- Conference: Athletic League of New England State Colleges
- Record: 5–2 (0–0 ALNESC)

= 1902–03 Connecticut Aggies men's basketball team =

American college basketball season

The 1902–03 Connecticut Aggies men's basketball team represented Connecticut Agricultural College, now the University of Connecticut, in the 1902–03 collegiate men's basketball season. The Aggies completed the season with a 5–2 record against mostly local high schools.

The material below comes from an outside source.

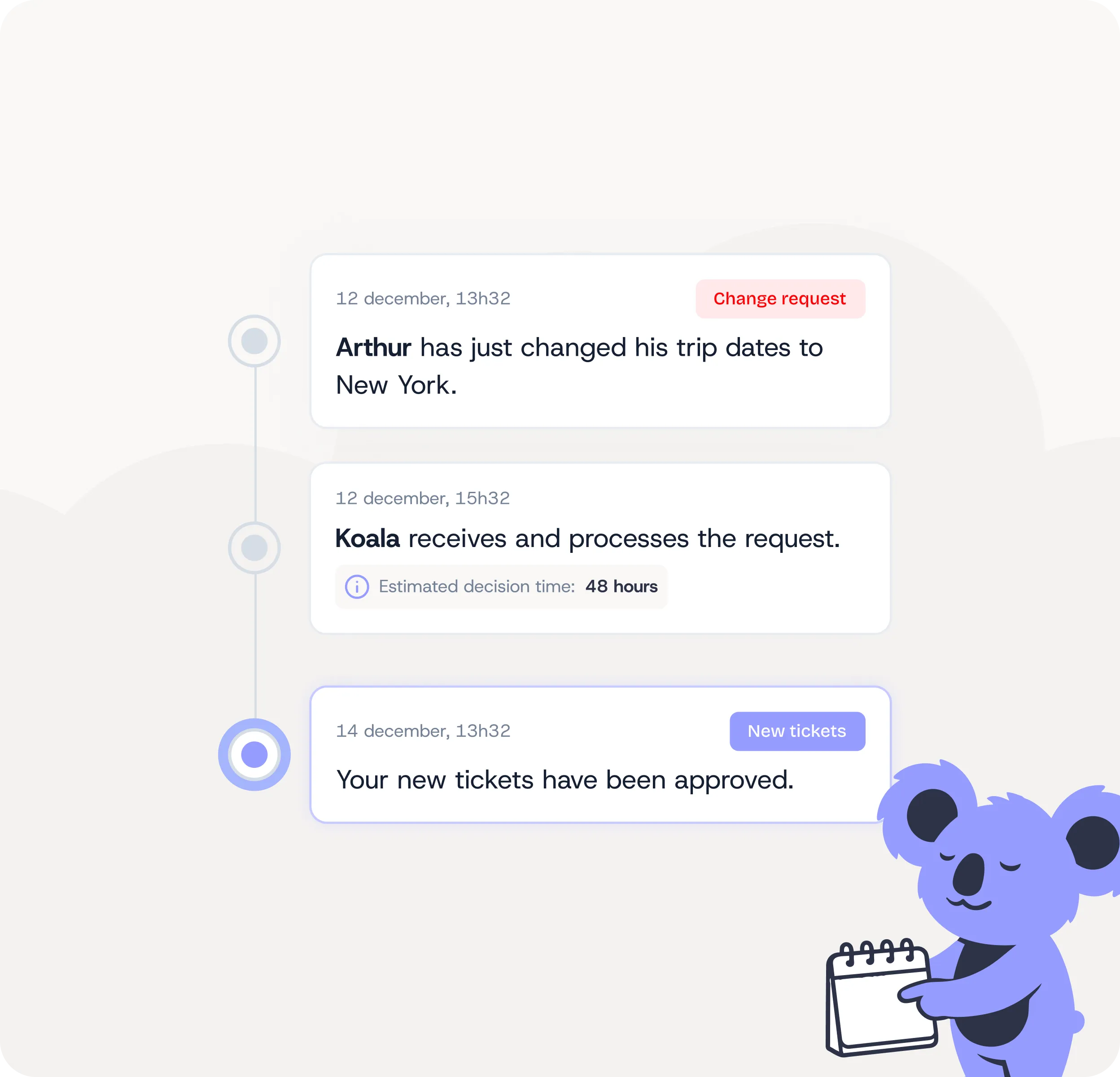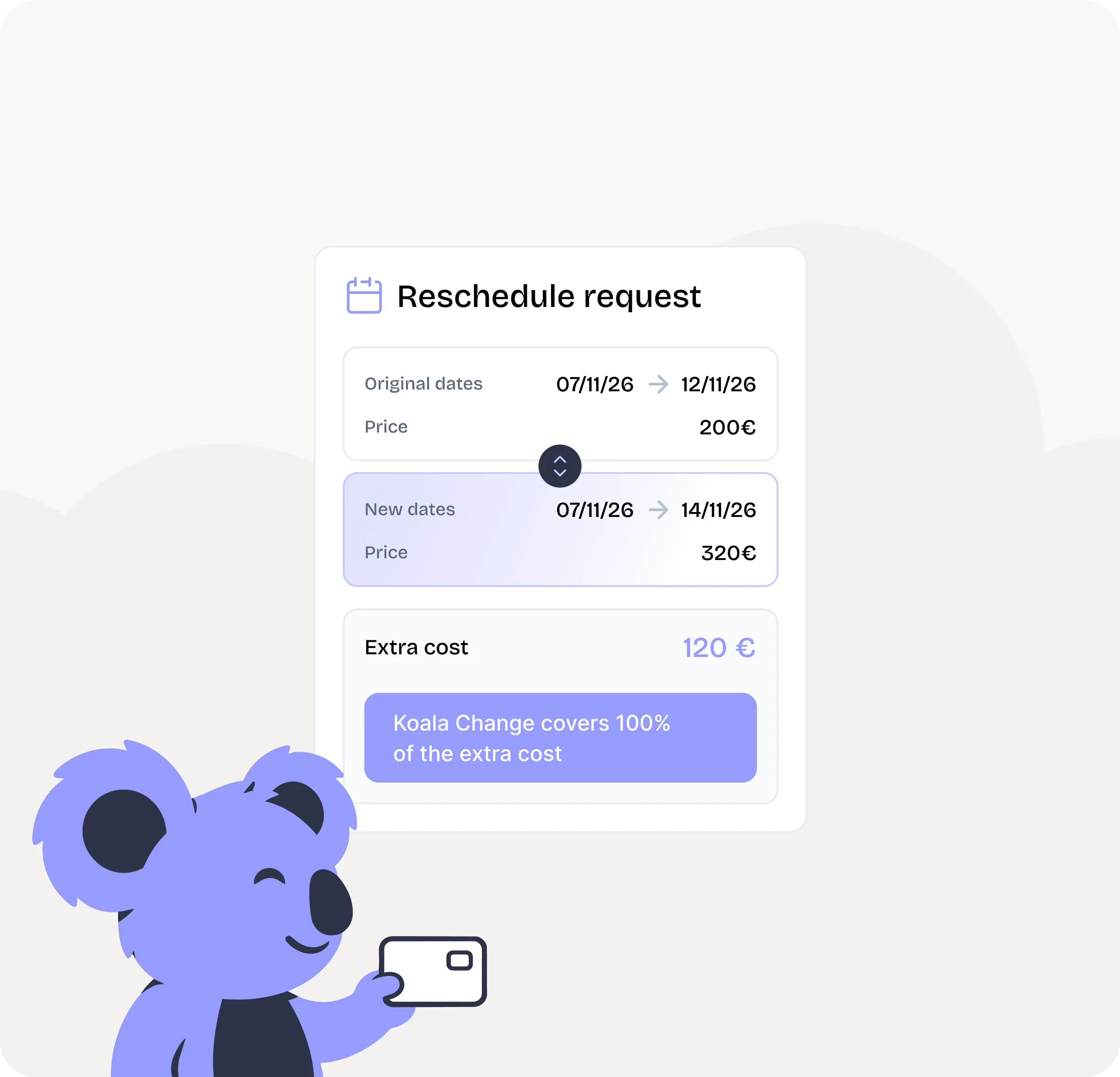 You reissue the tickets, while Koala covers part or all of the change cost. We reimburse you on a rolling basis - clear, smooth, and frictionless.

The Aggies were members of the Athletic League of New England State Colleges.

==Schedule ==

| Date time, TV | Rank^{#} | Opponent^{#} | Result | Record | Site (attendance) city, state |
Regular Season
| * |  | Willimantic TCC | W 12–8 | 1–0 |  |
| * |  | Middletown High School | W 19–8 | 2–0 |  |
| * |  | Alumni | W 22–19 | 3–0 |  |
| * |  | Torrington High School | W 24–8 | 4–0 |  |
| * |  | Torrington High School | L 14–22 | 4–1 |  |
| * |  | Grove A.C. | W 22–12 | 5–1 |  |
| * |  | Williston Academy | L 8–44 | 5–2 |  |
*Non-conference game. ^{#}Rankings from AP Poll. (#) Tournament seedings in parentheses. All times are in Eastern Time.